◆ Information shown ◆

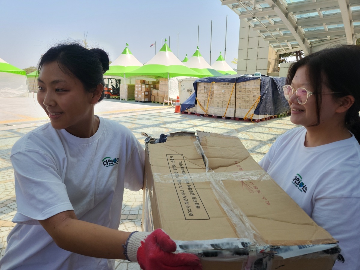 그룹의 공식 대학생 봉사단 ‘다인어스’는 지난 26일 안동 다목적체육관에 마련된 대피소에서 식사 제공과 물품 정리 등 봉사활동을 진행했다.
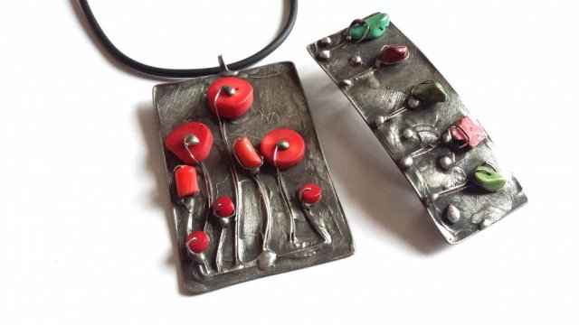 Wisiorek wykonany z miedzi, cyny i koralowców. Zawieszony na czarnej lince kauczukowej o długości ok. 45 cm. Wymiary ok. 7,5 na 5 cm.
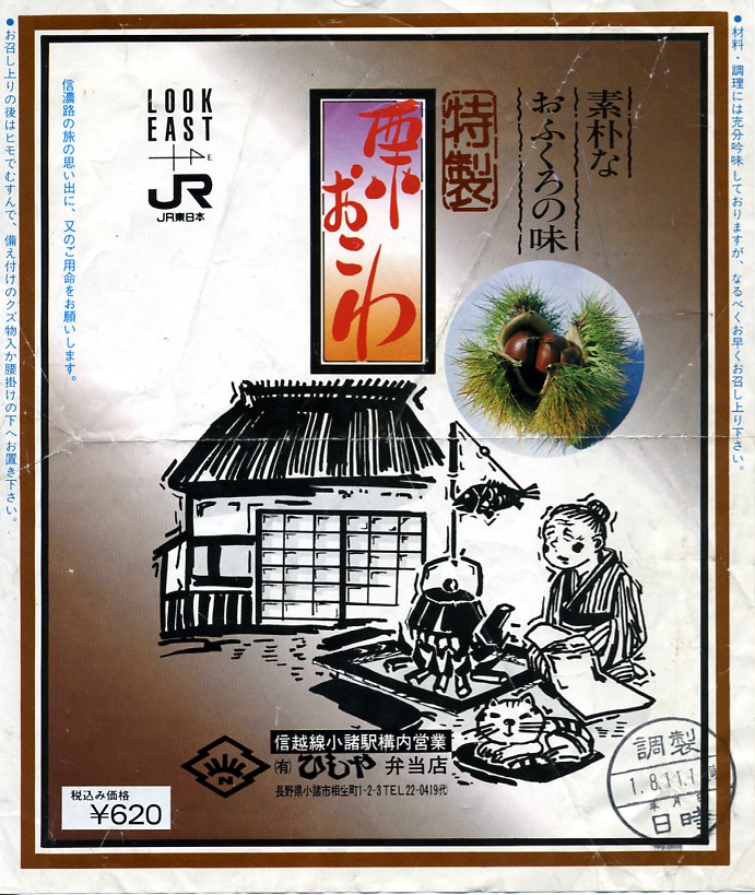 1989(平成元)年8月11日11時の調製と思われる、昔の小諸駅弁の掛紙。中身は上記の駅弁「栗おこわ弁当」と、同じだったのだろう。この調製元の栗おこわにはファンが付いていて、駅の立ち食いそば店でも惣菜として売られた。

◆ Problem ◆
Give the data above back unchanged, except for the pictures.

◆ Response to this task ◆
 그룹의 공식 대학생 봉사단 ‘다인어스’는 지난 26일 안동 다목적체육관에 마련된 대피소에서 식사 제공과 물품 정리 등 봉사활동을 진행했다.
 Wisiorek wykonany z miedzi, cyny i koralowców. Zawieszony na czarnej lince kauczukowej o długości ok. 45 cm. Wymiary ok. 7,5 na 5 cm.
 1989(平成元)年8月11日11時の調製と思われる、昔の小諸駅弁の掛紙。中身は上記の駅弁「栗おこわ弁当」と、同じだったのだろう。この調製元の栗おこわにはファンが付いていて、駅の立ち食いそば店でも惣菜として売られた。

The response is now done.